**Provided material:**
----------
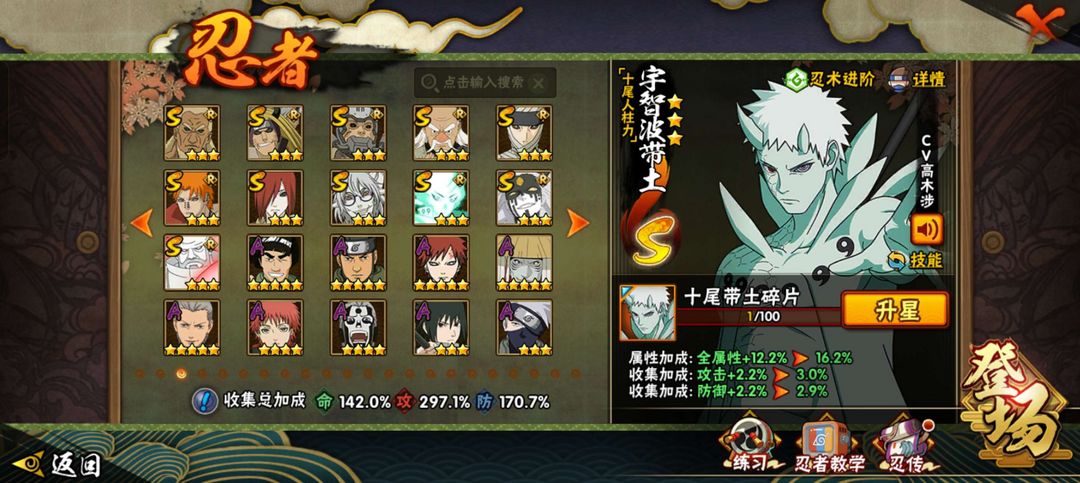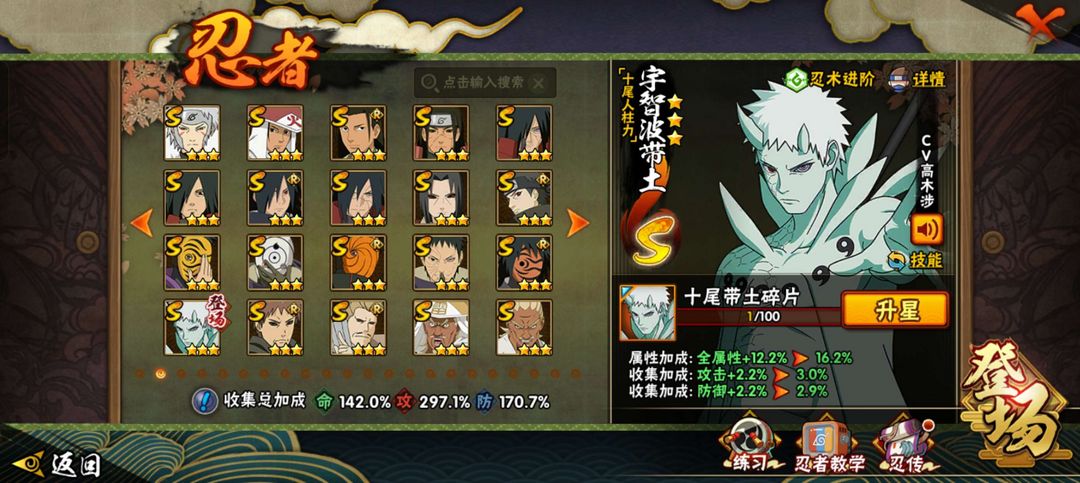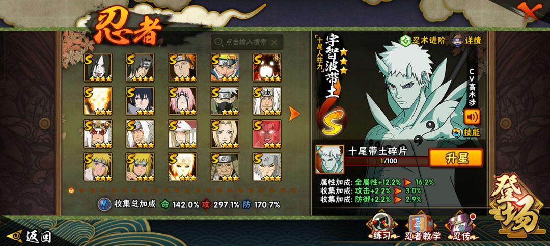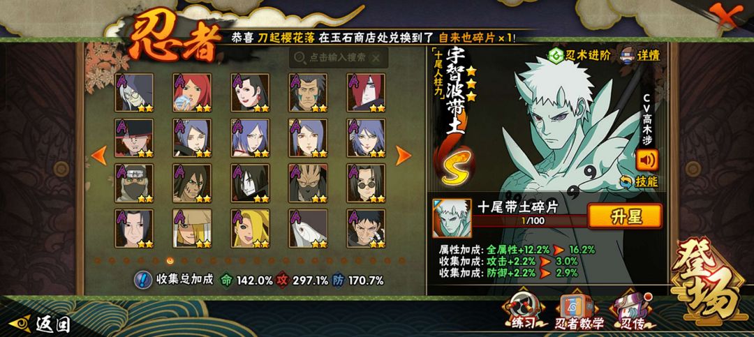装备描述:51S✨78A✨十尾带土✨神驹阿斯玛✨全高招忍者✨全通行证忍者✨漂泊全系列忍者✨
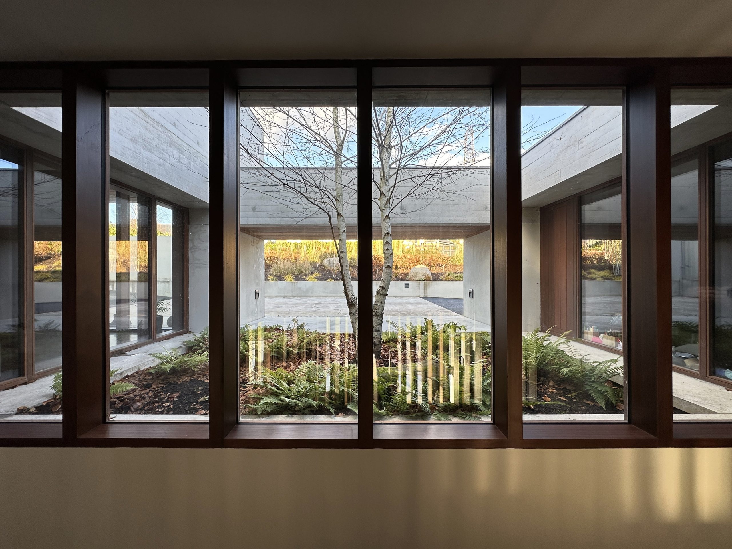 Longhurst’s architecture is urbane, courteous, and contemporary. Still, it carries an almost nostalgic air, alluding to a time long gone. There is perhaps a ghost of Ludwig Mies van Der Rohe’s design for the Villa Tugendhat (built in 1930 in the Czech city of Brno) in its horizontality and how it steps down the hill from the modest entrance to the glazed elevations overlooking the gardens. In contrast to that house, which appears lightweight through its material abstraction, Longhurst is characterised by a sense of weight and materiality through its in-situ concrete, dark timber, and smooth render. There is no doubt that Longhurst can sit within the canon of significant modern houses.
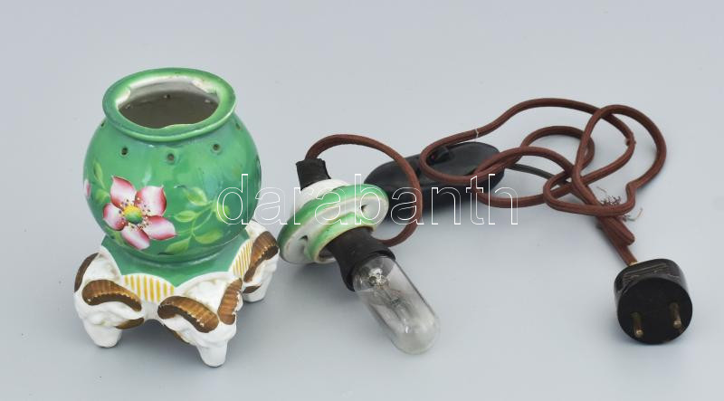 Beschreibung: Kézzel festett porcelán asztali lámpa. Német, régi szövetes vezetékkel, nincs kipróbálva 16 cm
----------
**Exercise details:**
If pictures appear in the data, do not print them; repeat the rest exactly.

**Solved problem:**
装备描述:51S✨78A✨十尾带土✨神驹阿斯玛✨全高招忍者✨全通行证忍者✨漂泊全系列忍者✨
 Longhurst’s architecture is urbane, courteous, and contemporary. Still, it carries an almost nostalgic air, alluding to a time long gone. There is perhaps a ghost of Ludwig Mies van Der Rohe’s design for the Villa Tugendhat (built in 1930 in the Czech city of Brno) in its horizontality and how it steps down the hill from the modest entrance to the glazed elevations overlooking the gardens. In contrast to that house, which appears lightweight through its material abstraction, Longhurst is characterised by a sense of weight and materiality through its in-situ concrete, dark timber, and smooth render. There is no doubt that Longhurst can sit within the canon of significant modern houses.
 Beschreibung: Kézzel festett porcelán asztali lámpa. Német, régi szövetes vezetékkel, nincs kipróbálva 16 cm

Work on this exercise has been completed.